Svitlana Volkova, PhD

Email: svitlana dot volkova at pnnl dot gov
LinkedIn, Facebook

Pacific Northwest National Laboratory
Data Sciences and Analytics Group
Computing and Analytics Division
National Security Directorate
902 Battelle Boulevard
Richland, WA 99354

Visualizing Spatiotemporal Embeddings in Social Media

Contrasting Public Opinion Dynamics in VKontakte during Crisis

Inferring User Psycho-Demographics from Texts on Twitter

Inferring Gender and Age Attributes from Tweets

Correlating User Demographics and Interests on Twitter

Crowdsourcing Multilingual Gender and Age Rationales

I am a senior research scientist at the Data Sciences and Analytics Group, National Security Directorate, Pacific Northwest National Laboratory.

I have graduated with a PhD in Computer Science with a focus on Natural Language Processing, Social Media Analytics and Machine Learning from Johns Hopkins University, Center for Language and Speech Processing. My adviser was Benjamin Van Durme.

I am a PI on DARPA SocialSim program (TA3: Test and Measurement), and other projects -- Deception Detection and Tacking in News and Social Media, Graph-Based Deep Learning on Real-World Data. Previous projects focused on Deep Learning of Multilingual Distributed Representations from Large Streaming Text Data (co-PI) and Forecasting the Future using Diverse Social Media Sources (co-PI).

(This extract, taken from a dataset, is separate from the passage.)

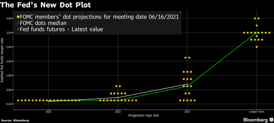 点阵图显示2023年底前料加息两次;FOMC上调未来三年通胀预测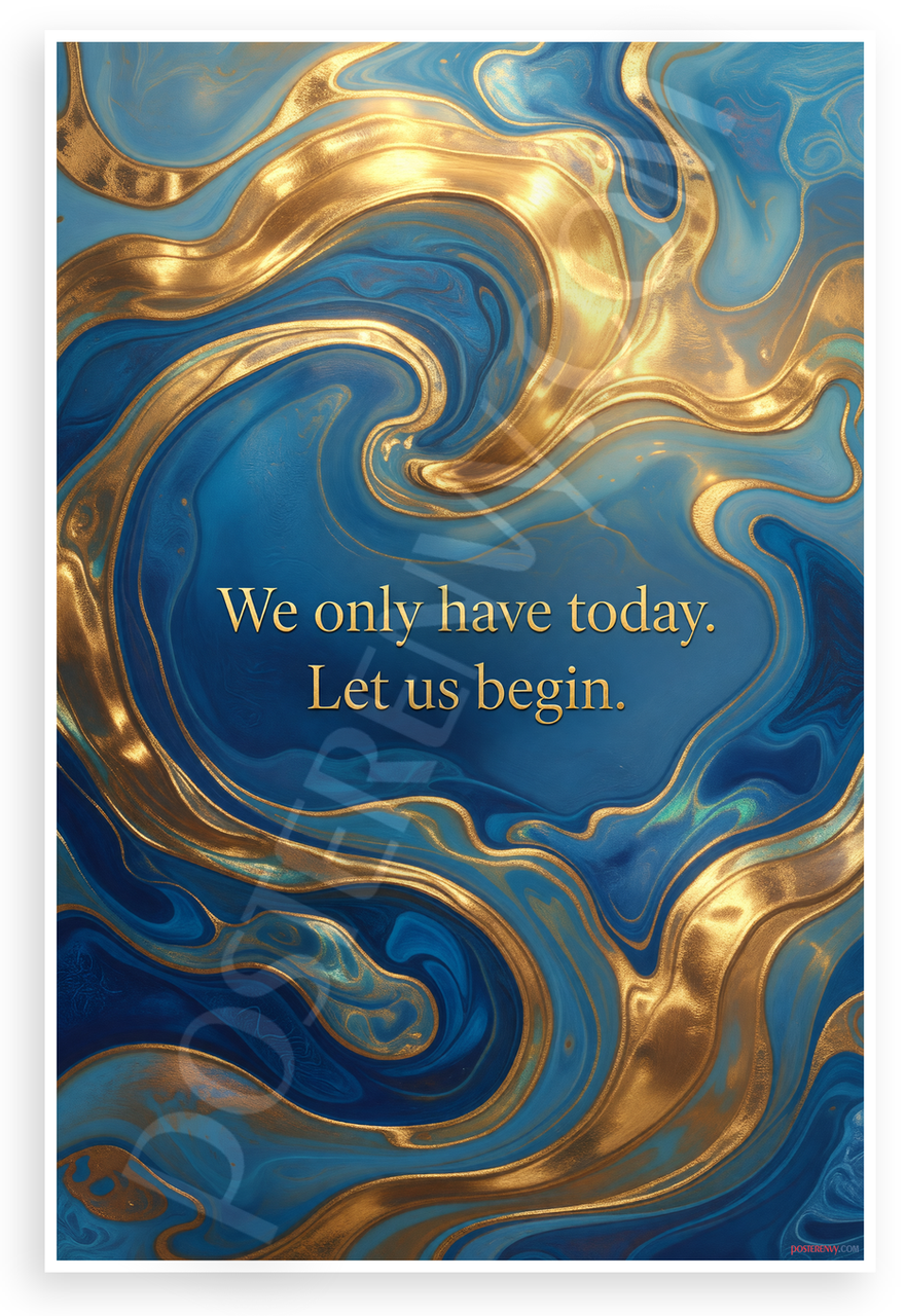 This 12x18 inch poster is printed on premium, durable paper. Proudly Made in the USA by PosterEnvy. The perfect size for any room. PosterEnvy is a family owned business, delivering top-notch posters around the world for over 20 years. Our posters are designed to last — they won't fade or pucker for years of enjoyment. Every poster features crisp, vivid artwork. We are a solar powered company. Featuring the inspirational quote 'We only have today. Let us begin.' by Mother Teresa over abstract swirling blue and gold fluid art, symbolizing transition and the urgency to act now.

My research interests include natural language processing; machine learning; computational social science; social media analytics; deep learning for NLP applications: forecasting social media dynamics -- real-word events, opinions and emotions, disease outbreaks, language change, entity and event-driven connotations; deception detection and tracking, information biases and factuality assessment in news and social media; multilingual social media analysis.

During my PhD I developed novel approaches and practical techniques for streaming personal analytics in social media focusing on the task of user demographic prediction. I worked on methods and practical applications for inferring latent user demographics from streaming communications in social media. I proposed approaches for constrained-resource classification, streaming prediction, iterative learning and inference with interactive annotation and weighting techniques. Predictive models developed in my dissertation allow the analysis of the relationships between user language, perceived psycho-demographic traits, emotions, opinions and interests in social media at scale.

I have been a research intern (summers of 2011, 2012 and 2014) in the Microsoft Research Natural Language Processing and Microsoft Research Cambridge Machine Learning and Perception teams. I worked with Yoram Bachrach on inferring latent user demographics, personality, emotions and sentiments in social media at Microsoft Research Cambridge in 2014 (demo @AAAI2015). I worked with Bill Dolan, Pallavi Choundry, Chris Quirk and Luke Zettlemoyer on learning to built procedural dialog systems with light supervision (published @ACL2013) and methods to relate literal and sentimental descriptions of visual properties (@NAACL2013 with Mark Yatskar and Asli Celikyilmaz) at Microsoft Research Redmond in 2012 and 2011.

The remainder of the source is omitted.